I tried to use 2 FormulaMaps, but it always get the wrong CurrentValue, I just can reach the nearst CurrentValue.

Anyone can help, or it’s a Coda limitation?

@Welley_Rezende

Nesting CurrentValues has some limitations that are being addressed by the team. There are some mega threads about it in the forum, if you want to learn more.

In the screenshot you present here, it’s unclear to me what exactly is your desired output.

That said, see if the formula in the blue column moves you forward in some way.

@Ander I think the desired output is to sum all first elements of each array, all second elements, all third etc.

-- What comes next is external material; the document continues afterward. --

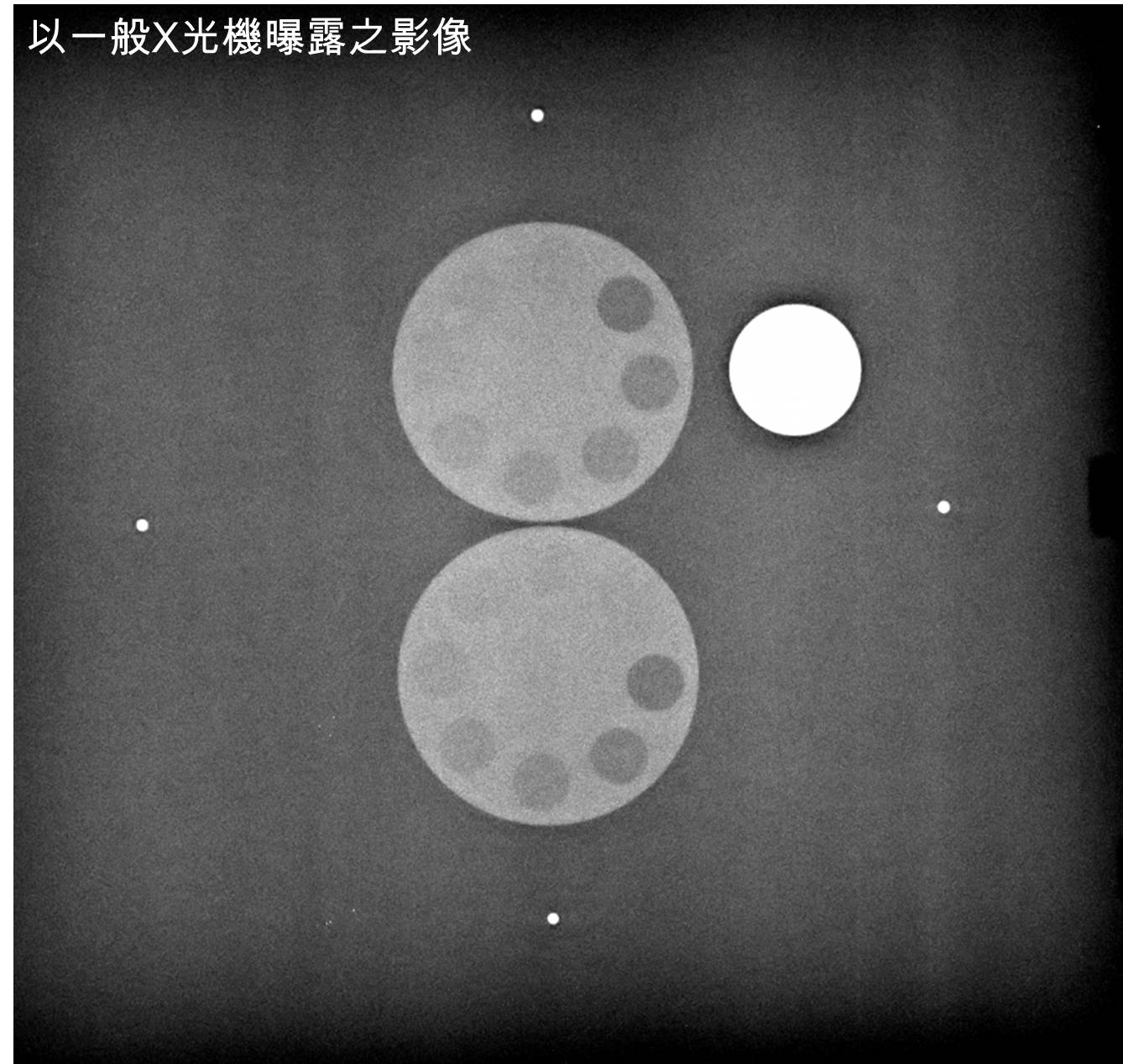 以直徑相同但深度不同的圓形測試物,評估X光機低對比偵測能力。

@Welley_Rezende I am pretty much sure that this is a data design problem, and the solution would be to organize the data differently, ideally in a way that each of the arrays’ elements was a value on a separate row:

image

Or at least imported in an already transposed way, i.e. [1,0,1,2][0,0,10,-5][5,-5,5,10], so that it’s easier to .FormulaMap(CurrentValue.Sum())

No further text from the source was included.